Thursday, April 15, 2010

Searching for Pittsburgh


Searching For Pittsburgh

The fox pushes softly,
blindly through me at night,
between the liver and the stomach.
Comes to the heart
and hesitates.
Considers and then goes around it.
Trying to escape the mildness
of our violent world.
Goes deeper, searching for what remains
of Pittsburgh in me.
The rusting mills sprawled gigantically
along three rivers.
The authority of them.
The gritty alleys where we played
every evening were stained pink
by the inferno always surging in the sky,
as though Christ and the Father
were still fashioning the Earth.
Locomotives driving through the cold rain,
lordly and bestial in their strength.
Massive water flowing morning and night
throughout a city girded with ninety bridges.
Sumptuous-shouldered,
sleek-thighed, obstinate and majestic,
unquenchable.
All grip and flood,
mighty sucking and deep-rooted grace.
A city of brick and tired wood.
Ox and sovereign spirit.
Primitive Pittsburgh.
Winter month after month telling
of death.

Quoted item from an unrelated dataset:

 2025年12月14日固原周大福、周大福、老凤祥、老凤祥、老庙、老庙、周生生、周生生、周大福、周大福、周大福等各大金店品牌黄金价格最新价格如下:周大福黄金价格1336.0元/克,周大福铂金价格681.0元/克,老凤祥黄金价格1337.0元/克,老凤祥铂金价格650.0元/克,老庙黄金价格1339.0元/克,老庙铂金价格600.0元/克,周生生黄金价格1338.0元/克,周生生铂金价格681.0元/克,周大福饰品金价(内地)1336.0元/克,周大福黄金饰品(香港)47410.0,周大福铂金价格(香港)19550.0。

The beauty forcing us
as much as harshness.
Our spirits forged in that wilderness,
our minds forged by the heart.
Making together a consequence of America.
The fox watched me build my Pittsburgh
again and again.
In Paris afternoons on Buttes-Chaumont.
On Greek islands
with their fields of stone.
In beds with women, sometimes,
amid their gentleness.
Now the fox will live in our ruined
house. My tomatoes grow ripe among weeds
and the sound of water.
In this happy place my serious heart has made.